**Exercise**
A faithful copy without images is required: write out all the records exactly.

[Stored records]

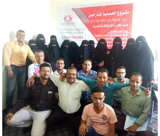
Figure 1: Protection team are taking a training workshop on how to lead PSS sessions effectively and in accordance with protection standards.

During the reporting period, RDP managed to train 20 community-based protection volunteers on the protection standards and responsibilities to enhance their knowledge of Psycho Social Support (PSS) and how to give a referral for such cases. The training also helped volunteers know how to effectively lead PSS sessions in the targeted sub-districts (Al-Asabeh – Adeem – Hadharim) of Ash Shamayatayn district of Taizz Governorate.
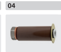
Ceramic socket kit for 3 pistons
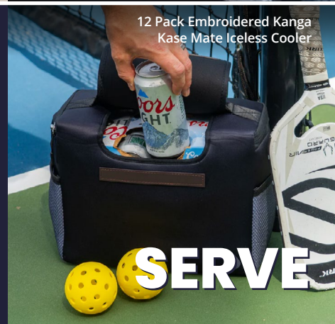
12 Pack Embroidered Kanga Kase Mate Iceless Cooler
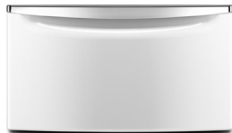
[10800260] XHPC155XW 15.5" Pedestal for Front Load Washer and Dryer with Storage (White, Chrome Handle) 1/CS

Dimensions: 38.125" (H) x 27"(W) x 31"(D)
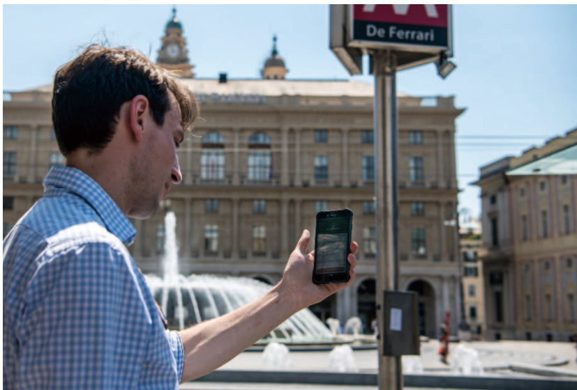
5 360Pass with Lumada Intelligent Mobility Management
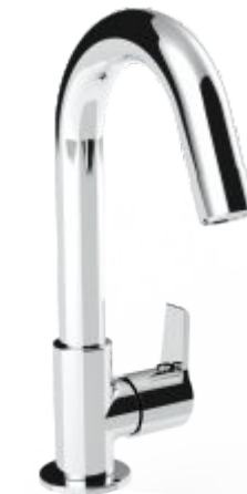
SMI-004-11-CP Sink Cock Table Mount Swivel Spout
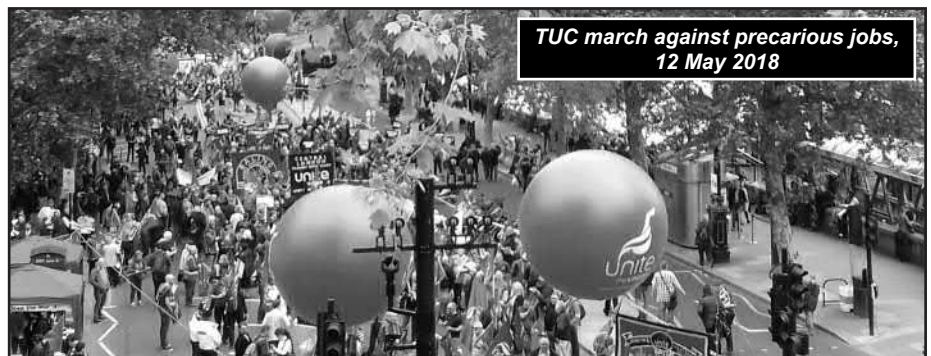
TUC march against precarious jobs, 12 May 2018

a foretaste of what the bosses have in store for the working class. Once they can conveniently ignore even the little protection offered by EU regulations, they will try to turn the screw even further, under the pretext that

**Exercise response**
Figure 1: Protection team are taking a training workshop on how to lead PSS sessions effectively and in accordance with protection standards.

During the reporting period, RDP managed to train 20 community-based protection volunteers on the protection standards and responsibilities to enhance their knowledge of Psycho Social Support (PSS) and how to give a referral for such cases. The training also helped volunteers know how to effectively lead PSS sessions in the targeted sub-districts (Al-Asabeh – Adeem – Hadharim) of Ash Shamayatayn district of Taizz Governorate.
Ceramic socket kit for 3 pistons
12 Pack Embroidered Kanga Kase Mate Iceless Cooler
[10800260] XHPC155XW 15.5" Pedestal for Front Load Washer and Dryer with Storage (White, Chrome Handle) 1/CS

Dimensions: 38.125" (H) x 27"(W) x 31"(D)
5 360Pass with Lumada Intelligent Mobility Management
SMI-004-11-CP Sink Cock Table Mount Swivel Spout
TUC march against precarious jobs, 12 May 2018

a foretaste of what the bosses have in store for the working class. Once they can conveniently ignore even the little protection offered by EU regulations, they will try to turn the screw even further, under the pretext that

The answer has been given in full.